• Exercise directions: Entries below include pictures. Output exactly the lines from the one with "Victron 5.0 kW" down to the one with "Si tratta di", both ends included, and leave the pictures out.
═══ Source information
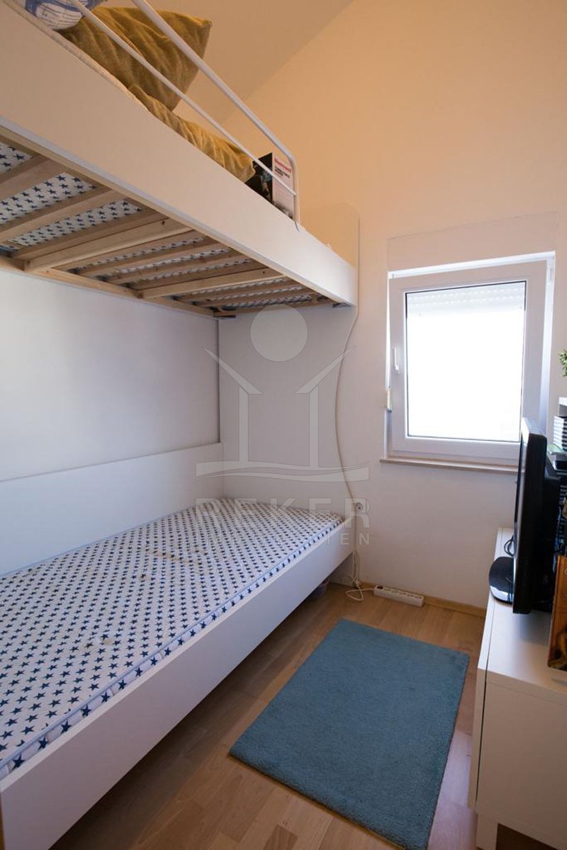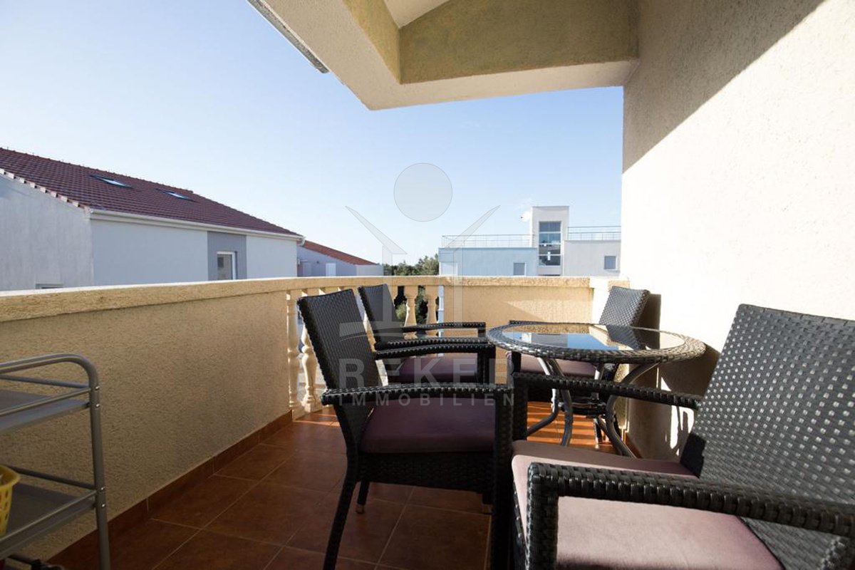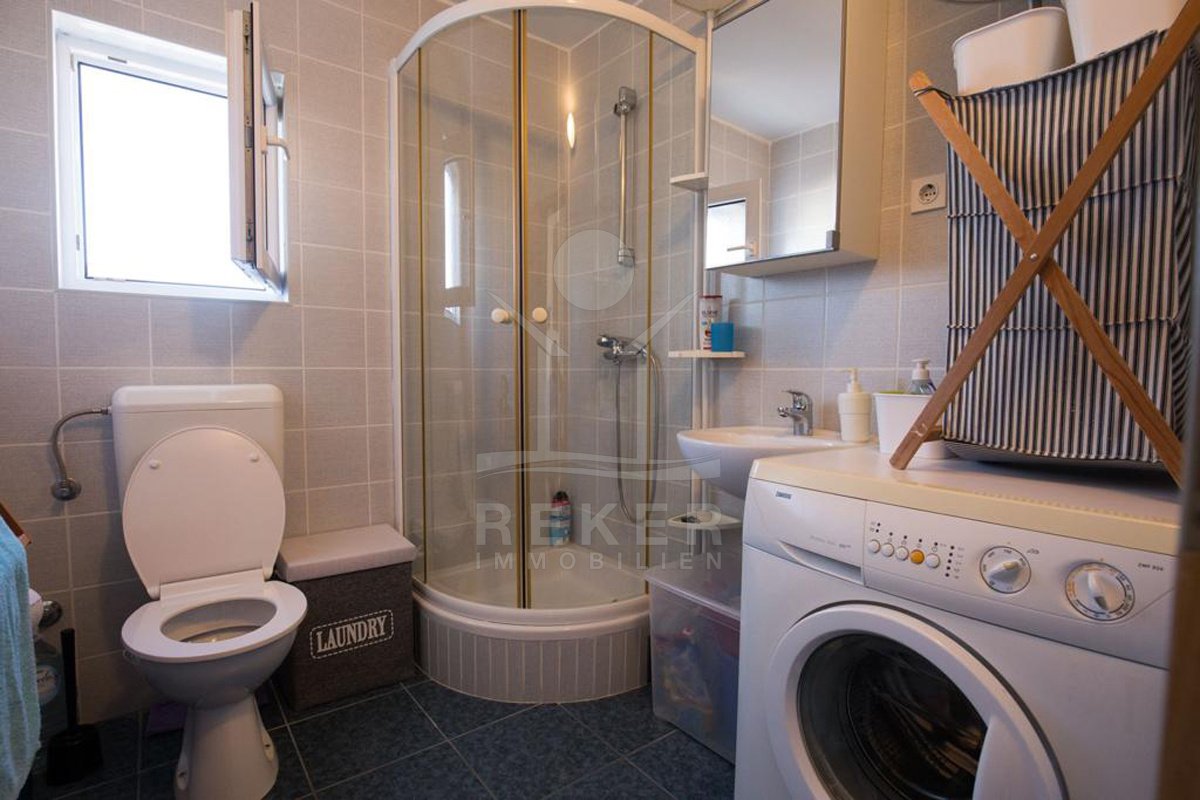 Diese helle Wohnung im zweiten Obergeschoss eines gepflegten Hauses in Petrčane bietet alles für angenehmes Wohnen an der dalmatinischen Küste. Die Umgebung ist grün, ruhig und von mediterraner Natur geprägt. Ein eigener Außenstellplatz direkt am Haus sorgt für entspanntes Ankommen.
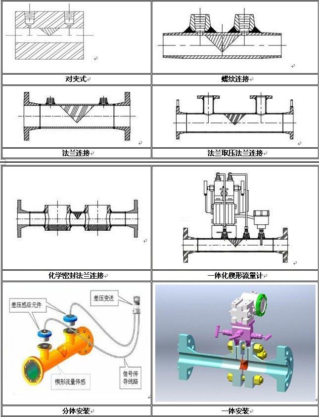 楔形流量計按其組裝方式分為一體型和分離型,按其連接方式分為法蘭連接、焊接連接、螺紋連接及對夾式連接,按其取壓方式分為普通取壓、法蘭密封取壓等結(jié)構。
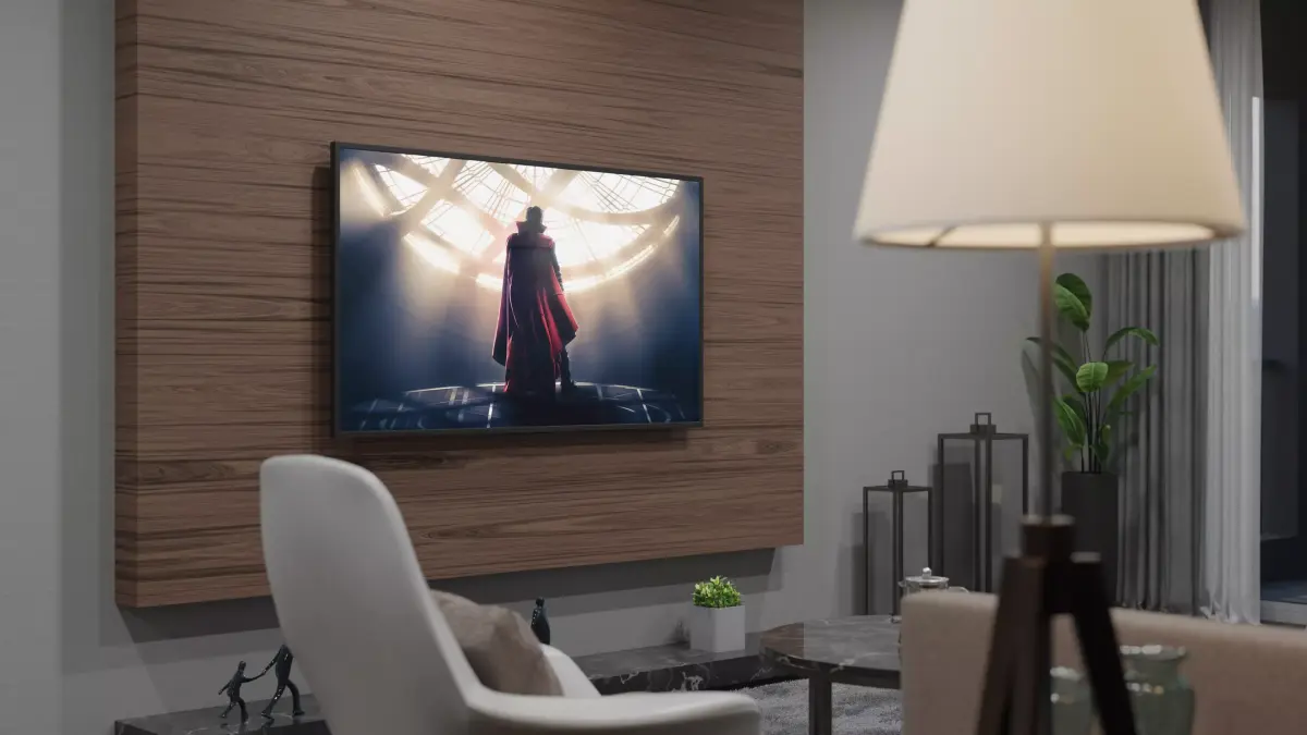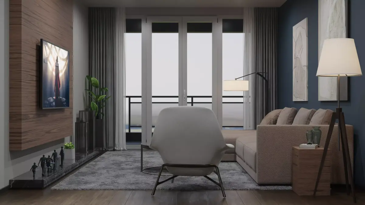 This modern living room is a masterclass in contemporary minimalism, blending warm organic textures with a sophisticated, moody color palette. The space is anchored by a deep navy-blue accent wall that provides a dramatic backdrop for the seating area, contrasting beautifully with the light grey armchair and the plush, sandy-toned sectional sofa. To the left, a large floor-to-ceiling wooden panel serves as a striking focal point, housing a sleek wall-mounted television. This vertical wood grain adds a touch of natural warmth, balancing the cooler tones of the grey shag rug and the dark marble plinth running along the base of the wall.Light plays a crucial role in this design. The room is flooded with soft, natural light coming through expansive glass doors that lead to a private balcony, offering a seamless connection to the outdoors. For evening ambiance, the space features diverse lighting layers: a modern, arcing floor lamp leans over the sofa, while a classic tripod lamp with a cream shade provides a cozy glow in the corner.The decor is curated and intentional. Small sculptural figures and minimalist planters sit atop the marble ledge, while abstract line art on the blue wall adds a gallery-like feel. A lush green indoor plant tucked in the corner breathes life into the composition. The furniture—characterized by clean lines and low profiles—creates an unobstructed flow, making the room feel both spacious and intimate. This interior is a perfect example of refined urban living, where comfort meets high-end architectural design.
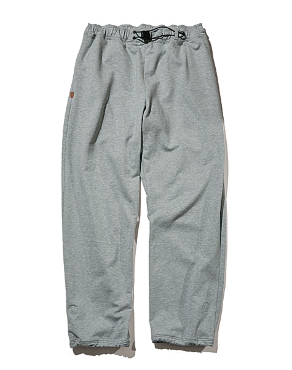 スウェット感覚でイージーに穿けるパンツながら、独自のハリがある質感でラフになり過ぎない着こなしが楽しめる。「ベルトの代わりに、フェドロックのバックルを備えています」。
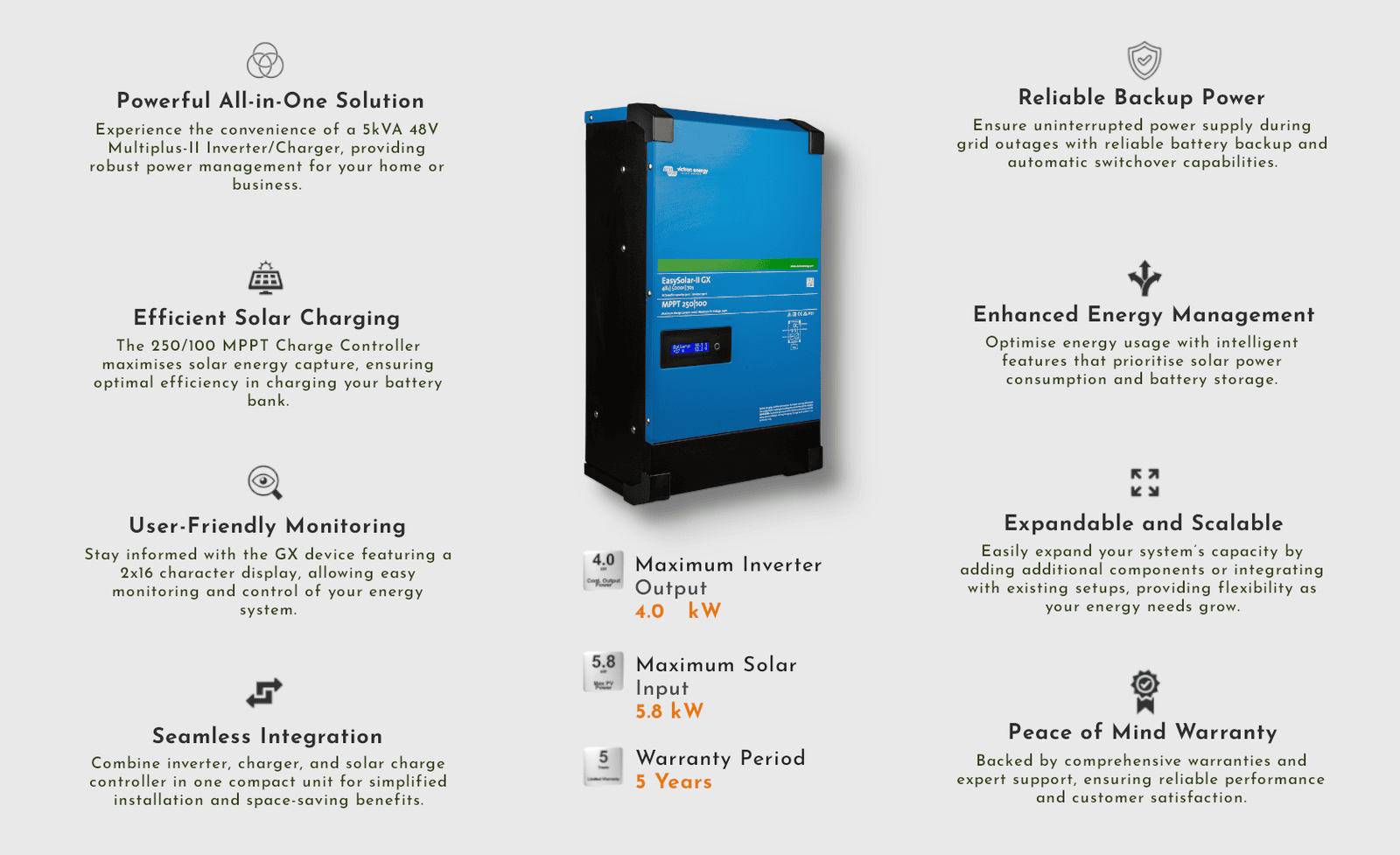 Victron 5.0 kW EasySolar-II Inverter Features & Benefits
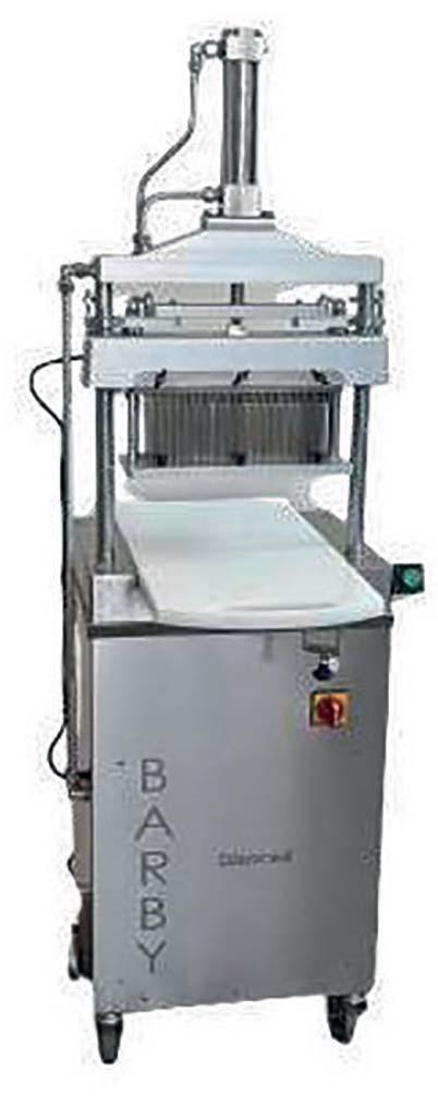 Si tratta di una macchina semiautomatica che permette la lavorazione di qualsiasi taglio carneo. Il sistema di automazione è stato pensato rispettando le norme di sicurezza richieste per questo tipo di macchinario. Nel corso degli anni, inoltre, BARBY è stata migliorata nella dotazione di nuove lame che ossidano meno la carne ed è stata silenziata nella centralina idraulica
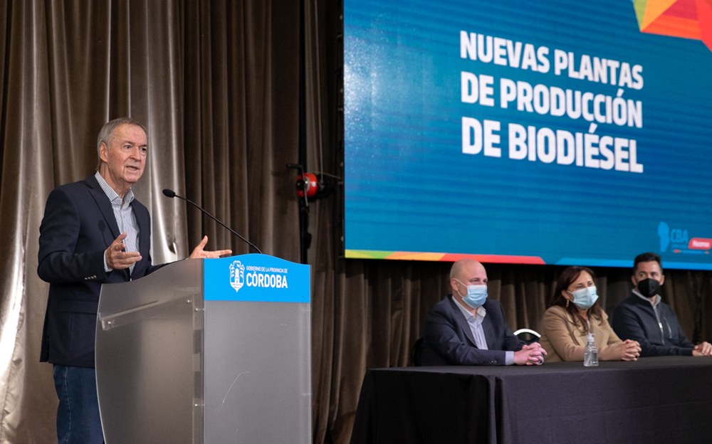 El gobernador, Juan Schiaretti, anunció este viernes la construcción de 20 nuevas plantas en la provincia para la producción de biodiésel desarrolladas por empresas cordobesas.
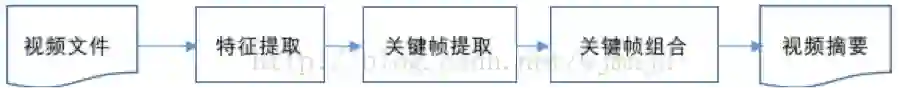 例如,公开课的视频中,提取出含有完整 PPT 的帧。我们将含有关键信息的所有帧提供给浏览者,可以使其在较短的时间内了解到较长视频的主要内容。又例如,将一个 2 小时的电影提取出其关键部分,组合成一个 2 分钟的预告片,也属于静态视频摘要。其提取流程大致如下:
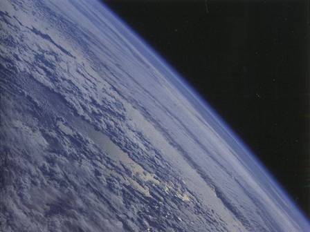 Кроме магнитного щита, Землю защищает только атмосфера. На этом снимке, сделанном из космоса, хорошо видно, как невелик атмосферный слой — тоненький синий поясок, отделяющий Землю от космоса.
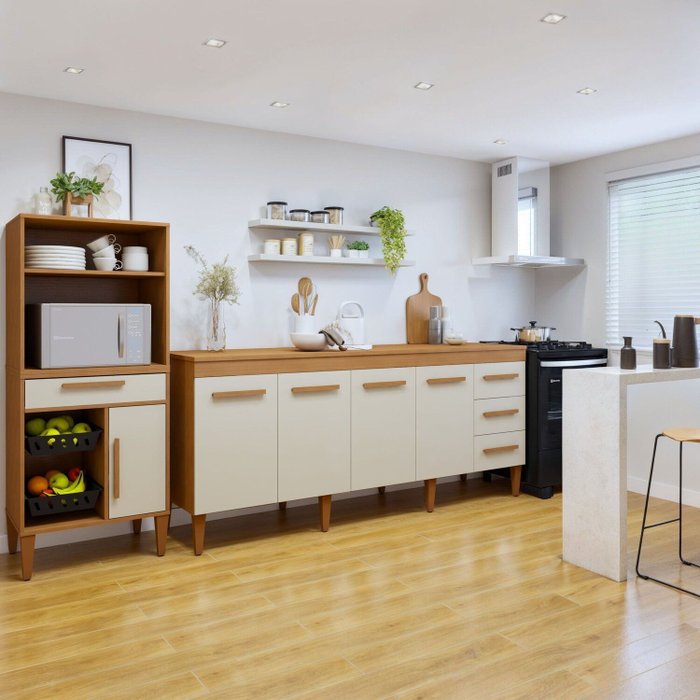 Conjunto 2 Peças Fruteira com Nicho e Balcão 4 Portas Cuiaba Nature/Off White
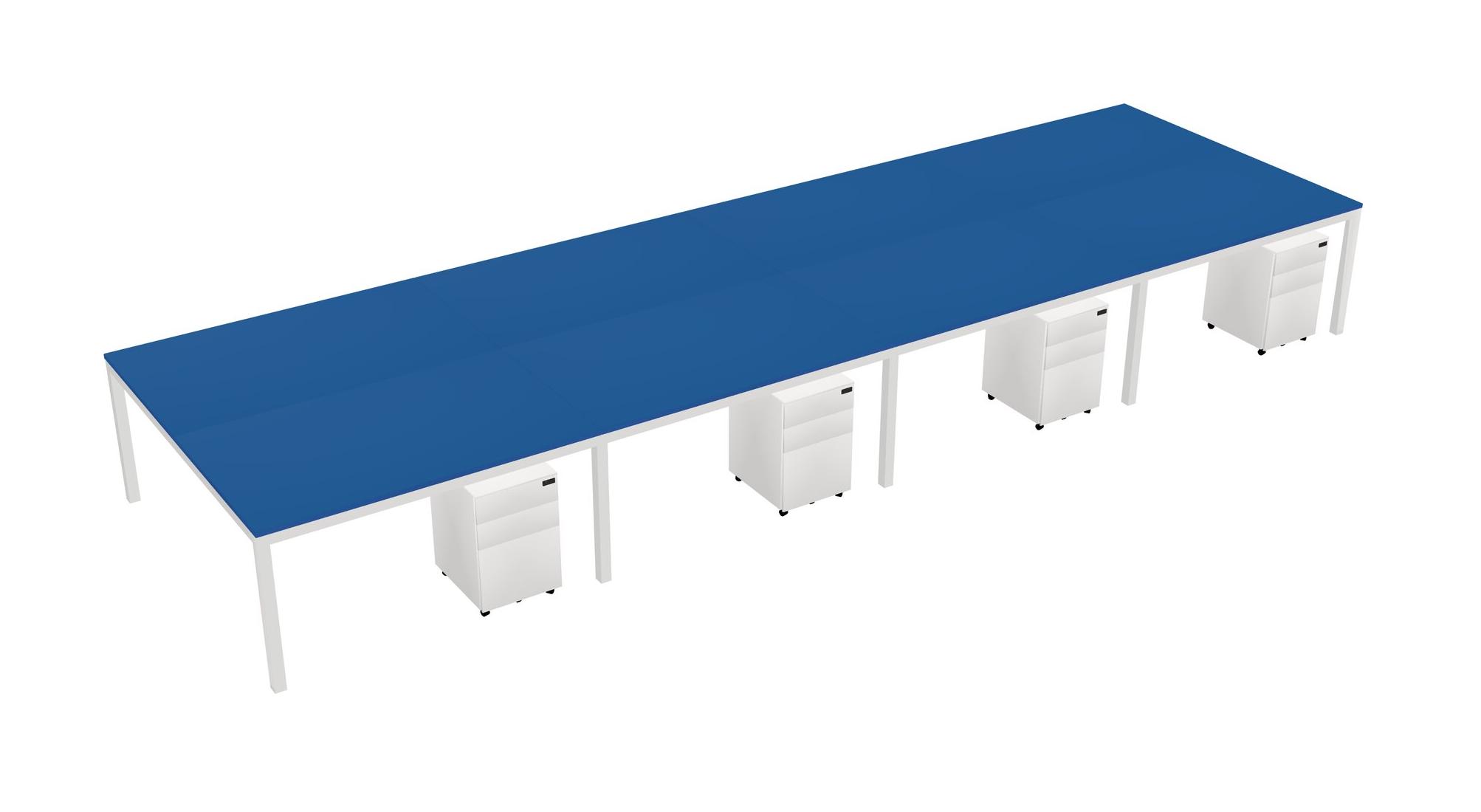 Prism Blue Shared Rectangular Office Desk With Metal Mobile Drawers For 8 Persons
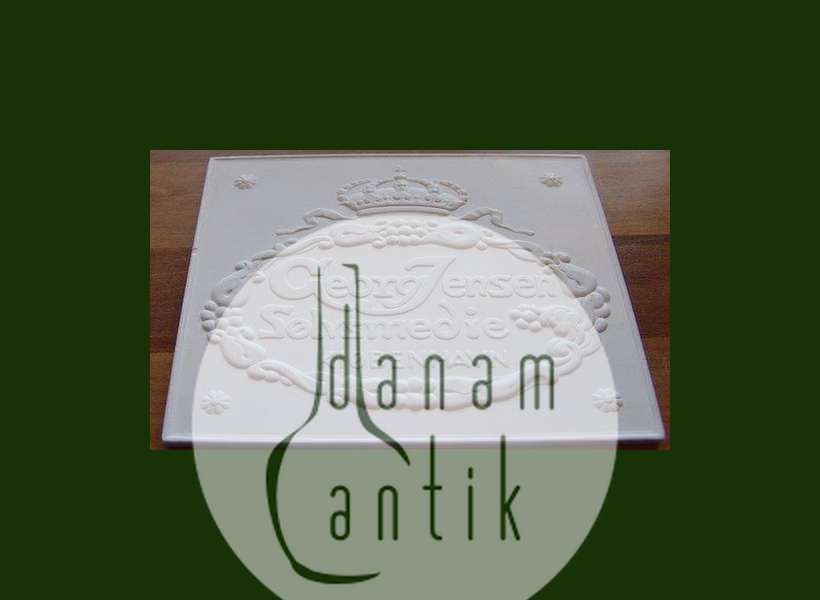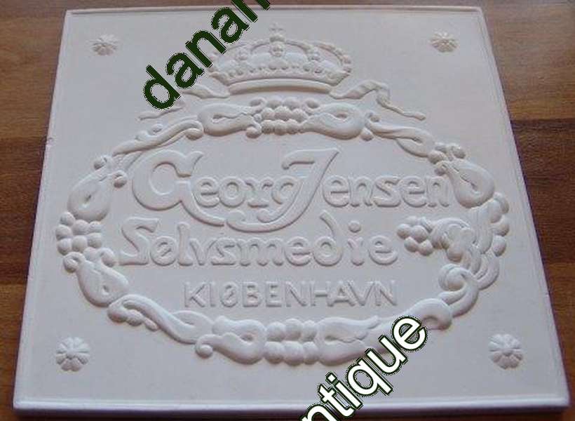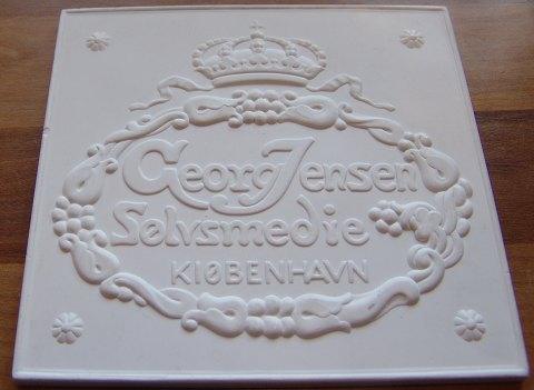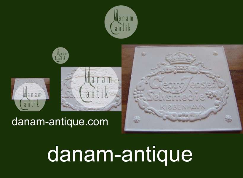 Georg Jensen Händler Zeichen. Maße 12,3cm x 11,5cm. Hergestellt aus Gips oder Biskuit, bin mir nicht ganz sicher. Wenn es Gips ist, dann ist es SEHR harter Gips.
══════
• Solution for this problem:
 Victron 5.0 kW EasySolar-II Inverter Features & Benefits
 Si tratta di una macchina semiautomatica che permette la lavorazione di qualsiasi taglio carneo. Il sistema di automazione è stato pensato rispettando le norme di sicurezza richieste per questo tipo di macchinario. Nel corso degli anni, inoltre, BARBY è stata migliorata nella dotazione di nuove lame che ossidano meno la carne ed è stata silenziata nella centralina idraulica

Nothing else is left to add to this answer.